╭─ Data shown

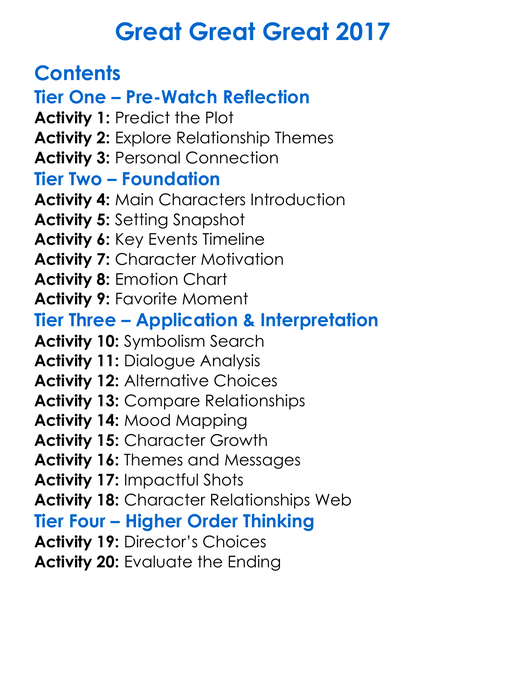 Great Great Great 2017 Worksheet Activity Booklet
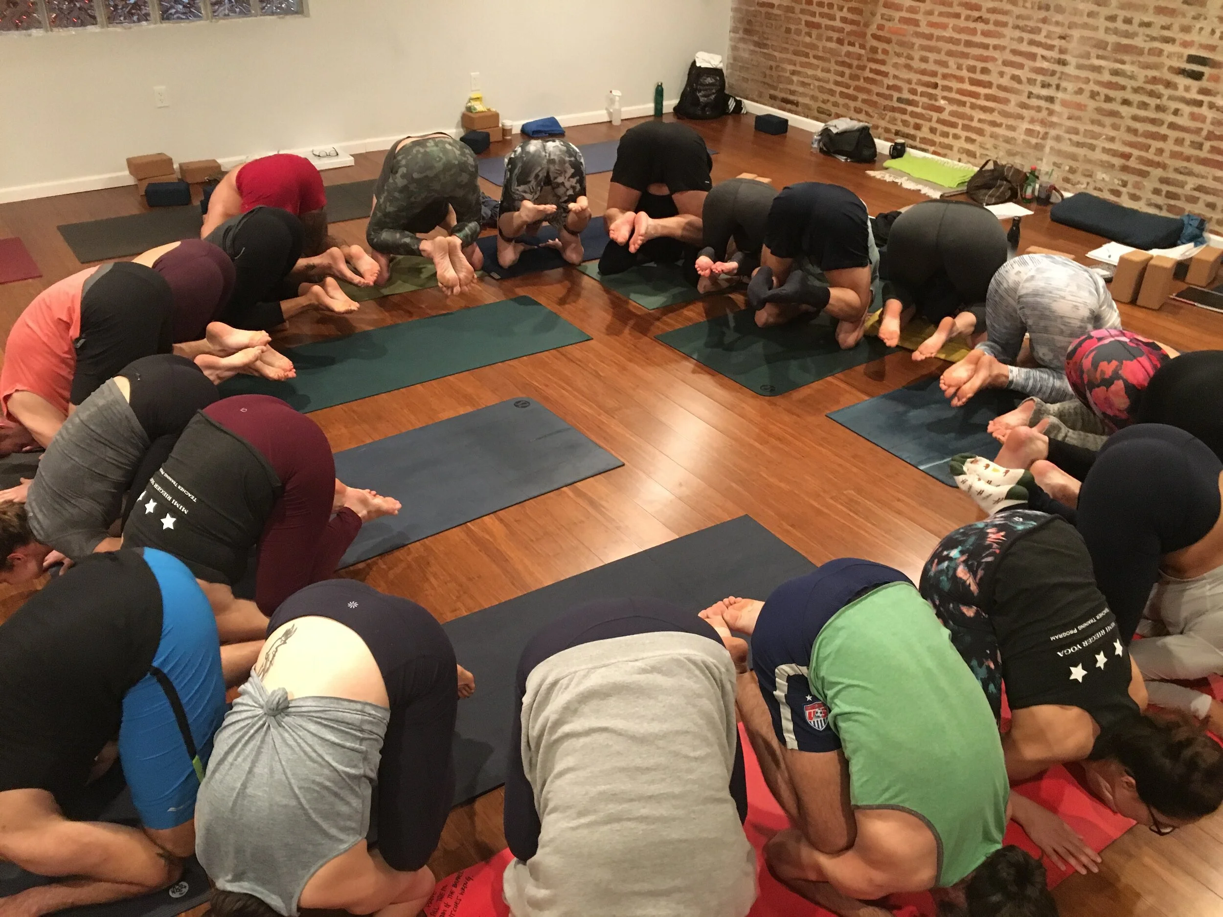 Group of people practicing yoga in a studio with wooden floors, brick wall, and yoga mats.
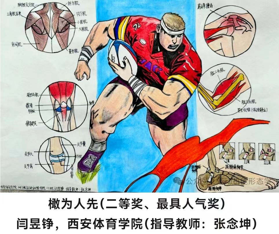 闫昱铮同学是橄榄球国家一级运动员,平时特别喜欢运动解剖学这门课,绘画也是她的爱好。起初,她也胆怯,在张念坤老师的引领和指导下,在同学们的鼓励下,她耐心地审题、认真选材、精心构思,在老师的指导下一次又一次地修改完善,成就了《橄为人先》这一作品。
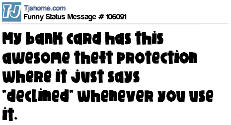 - # 207340 My new credit card has this awesome theft protection where it just says “declined” whenever you use it.
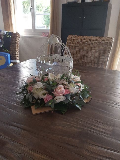 Coucou , voici mes centres de table. Je suis contente du rendu car la 1ere fois ça n'allait pas du tout et je l'ai fait refaire à la fleuriste.Le bougie sera un peu plus surélevé car la on ne la voit quasiment pas.Le carton s'est juste pour la...
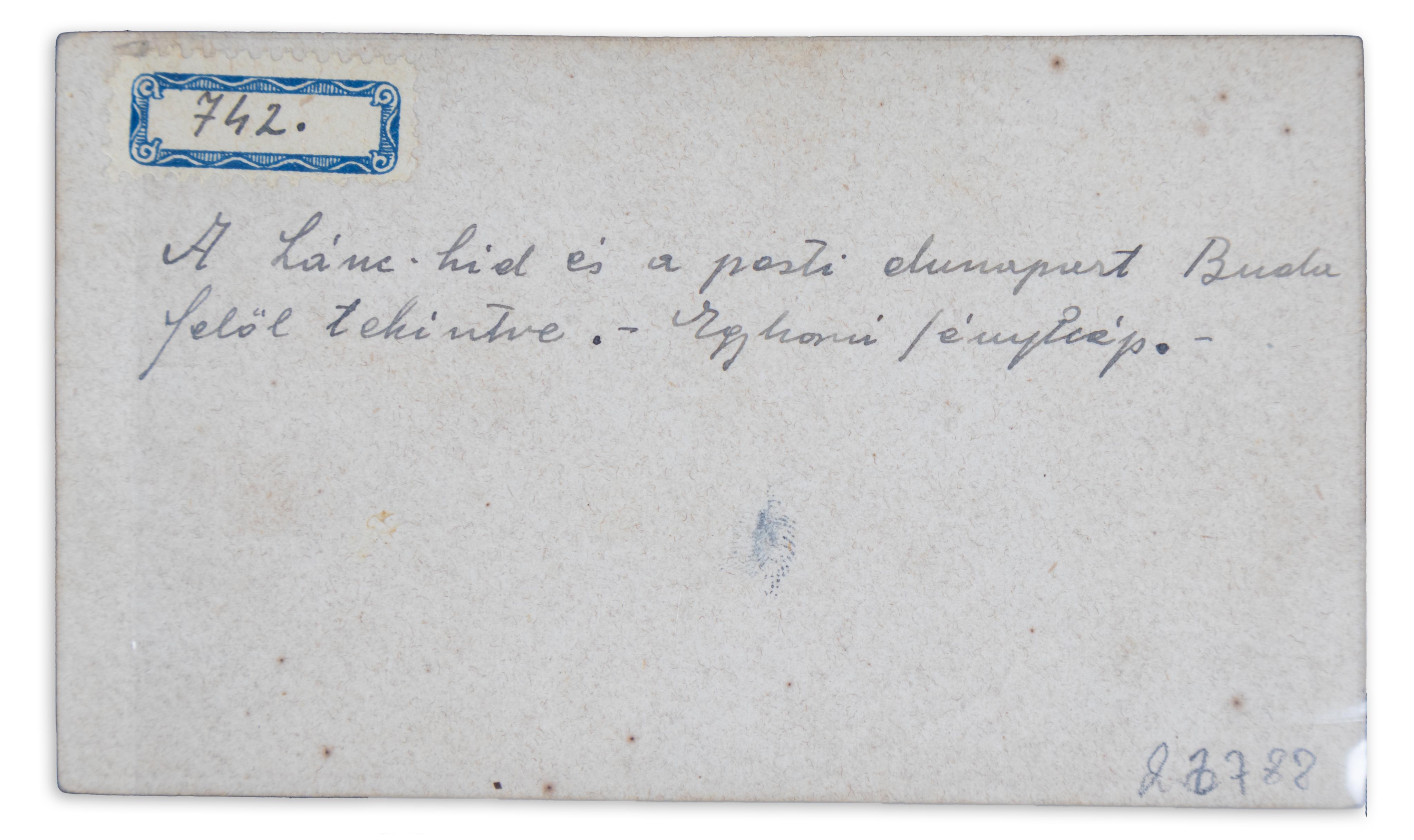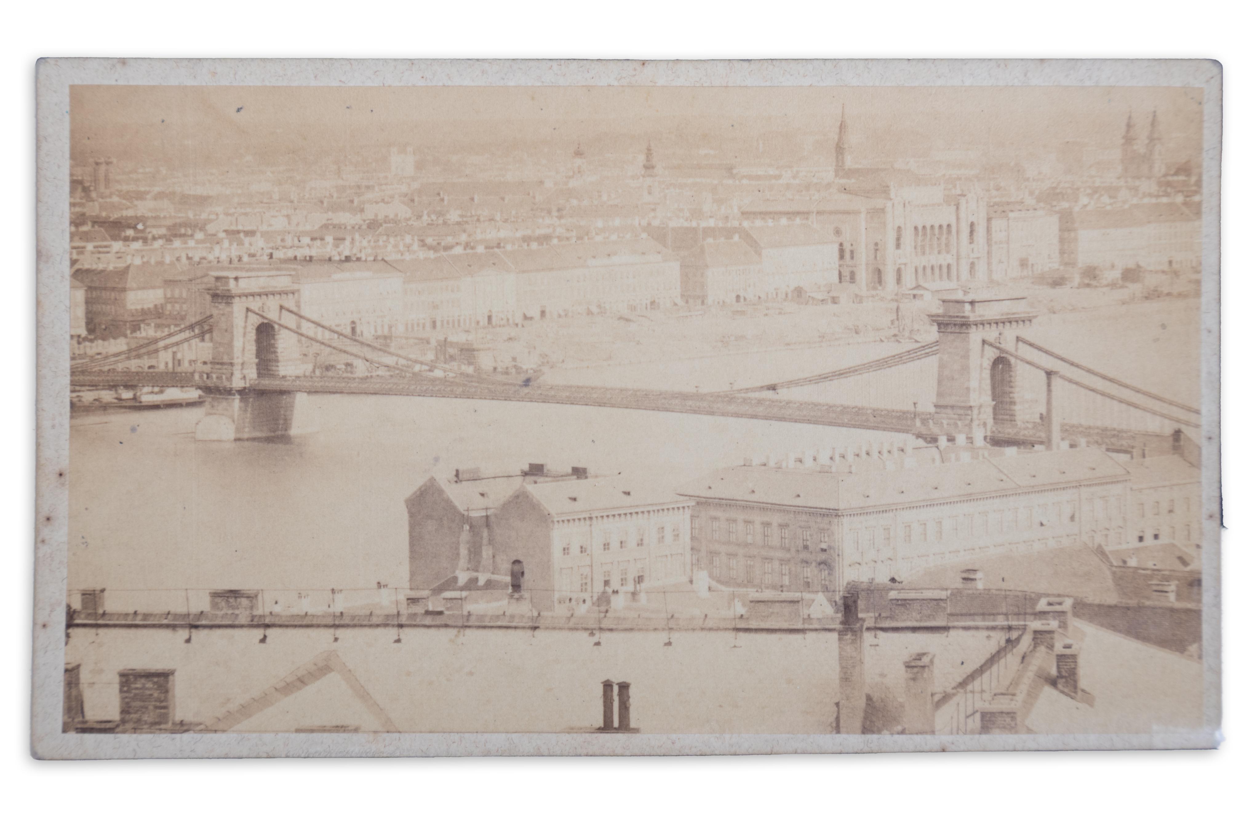 Készítője ismeretlen, poz., albumin, monokróm fotográfia. Vizitkártyaméret, vékonyabb papíron. Karton méret: 10,8×6,3 cm. Képméret: 10,2×5,9 cm. A tiszta felvételen jól kivehető a még kiépítetlen rakpartok rakodó hajókkal, a Vigadó, mellette az Angol Királynő Szálló, valamint a Heinrich, Hudetz, Kehrer, Wurm, Rupp-ház és az egykori hajóhíd vámházai. Az előtérben a Lánchíd Társulat székházaként szolgáló épület terveit Ybl Miklós készítette 1867-ben, neoreneszánsz stílusban.
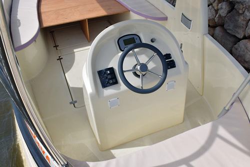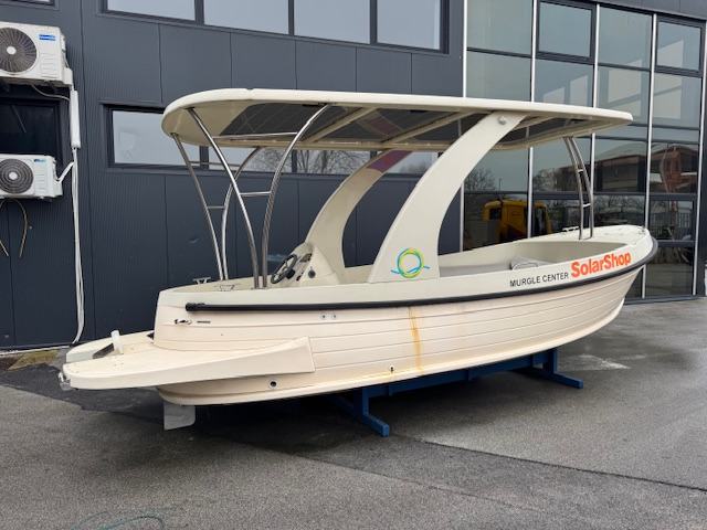 Prvi naš susret s brodicom Solmar 600 bio je daleko od sunca i od mora, na sajmu nautike u Zagrebu, gdje je ta barka bila izložena u hali, na suhom. Murterino smo testirali pred dosta godina, ali tada je barka bila opremljena brodskim dizelskim motorom, te kabinom i natkabinom. Sada stvari izgledaju drugačije. Ovdje je trup Murterina samo poslužio za realizaciju projekta Solmar 600, tako da je na njemu napravljeno potpuno novo nadgrađe prilagođeno za elektropogonjenu brodicu sa solarnim panelima na plastičnom krovu. Deplasmanac koji je bio potreban za realizaciju Solmara 600 pronašao se u trupu Murterina, s time da je zbog potrebe ugradnje čak četiri panela barka izvedena kao brodica otvorenog kokpita s tvrdim krovom. Iako je trup Murterina projektiran da može ploviti i u poludeplasmanskom režimu, u ovoj kombinaciji to nije bilo potrebno. Trup je sa svojih 6 metara vodne linije uključujući i krmenu platformu, dobra mjera onoga što treba Solmaru 600 za ekonomičnu plovidbu. U plovidbi sa 6 čvorova pramac lijepo razgrće more, i lijepo se ponaša u plovidbi.
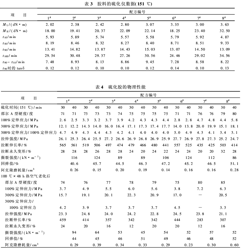 膠料的硫化儀數(shù)據(jù)如表3所示。從表3可以看出,1#配方膠料與6#配方膠料的MH,t90和(t90-t10)相差不大,這表明CSDPF與炭黑N115對膠料硫化速度的影響基本相同;與5#配方相比,6#配方膠料的MH較小,t90和(t90-t10)縮短,這表明CSDPF和白炭黑用量相同時(shí),硫黃和偶聯(lián)劑用量較大的膠料MH較大,硫化速度較慢;與7#配方相比,1#和8#配方膠料t90時(shí)的tanδ(損耗因子)值較大,即滯后損失較大。

╰─

[Work to be completed]
Write out each entry word for word, images excluded.

[Response to the exercise]
 Great Great Great 2017 Worksheet Activity Booklet
 Group of people practicing yoga in a studio with wooden floors, brick wall, and yoga mats.
 闫昱铮同学是橄榄球国家一级运动员,平时特别喜欢运动解剖学这门课,绘画也是她的爱好。起初,她也胆怯,在张念坤老师的引领和指导下,在同学们的鼓励下,她耐心地审题、认真选材、精心构思,在老师的指导下一次又一次地修改完善,成就了《橄为人先》这一作品。
 - # 207340 My new credit card has this awesome theft protection where it just says “declined” whenever you use it.
 Coucou , voici mes centres de table. Je suis contente du rendu car la 1ere fois ça n'allait pas du tout et je l'ai fait refaire à la fleuriste.Le bougie sera un peu plus surélevé car la on ne la voit quasiment pas.Le carton s'est juste pour la...
 Készítője ismeretlen, poz., albumin, monokróm fotográfia. Vizitkártyaméret, vékonyabb papíron. Karton méret: 10,8×6,3 cm. Képméret: 10,2×5,9 cm. A tiszta felvételen jól kivehető a még kiépítetlen rakpartok rakodó hajókkal, a Vigadó, mellette az Angol Királynő Szálló, valamint a Heinrich, Hudetz, Kehrer, Wurm, Rupp-ház és az egykori hajóhíd vámházai. Az előtérben a Lánchíd Társulat székházaként szolgáló épület terveit Ybl Miklós készítette 1867-ben, neoreneszánsz stílusban.
 Prvi naš susret s brodicom Solmar 600 bio je daleko od sunca i od mora, na sajmu nautike u Zagrebu, gdje je ta barka bila izložena u hali, na suhom. Murterino smo testirali pred dosta godina, ali tada je barka bila opremljena brodskim dizelskim motorom, te kabinom i natkabinom. Sada stvari izgledaju drugačije. Ovdje je trup Murterina samo poslužio za realizaciju projekta Solmar 600, tako da je na njemu napravljeno potpuno novo nadgrađe prilagođeno za elektropogonjenu brodicu sa solarnim panelima na plastičnom krovu. Deplasmanac koji je bio potreban za realizaciju Solmara 600 pronašao se u trupu Murterina, s time da je zbog potrebe ugradnje čak četiri panela barka izvedena kao brodica otvorenog kokpita s tvrdim krovom. Iako je trup Murterina projektiran da može ploviti i u poludeplasmanskom režimu, u ovoj kombinaciji to nije bilo potrebno. Trup je sa svojih 6 metara vodne linije uključujući i krmenu platformu, dobra mjera onoga što treba Solmaru 600 za ekonomičnu plovidbu. U plovidbi sa 6 čvorova pramac lijepo razgrće more, i lijepo se ponaša u plovidbi.
 膠料的硫化儀數(shù)據(jù)如表3所示。從表3可以看出,1#配方膠料與6#配方膠料的MH,t90和(t90-t10)相差不大,這表明CSDPF與炭黑N115對膠料硫化速度的影響基本相同;與5#配方相比,6#配方膠料的MH較小,t90和(t90-t10)縮短,這表明CSDPF和白炭黑用量相同時(shí),硫黃和偶聯(lián)劑用量較大的膠料MH較大,硫化速度較慢;與7#配方相比,1#和8#配方膠料t90時(shí)的tanδ(損耗因子)值較大,即滯后損失較大。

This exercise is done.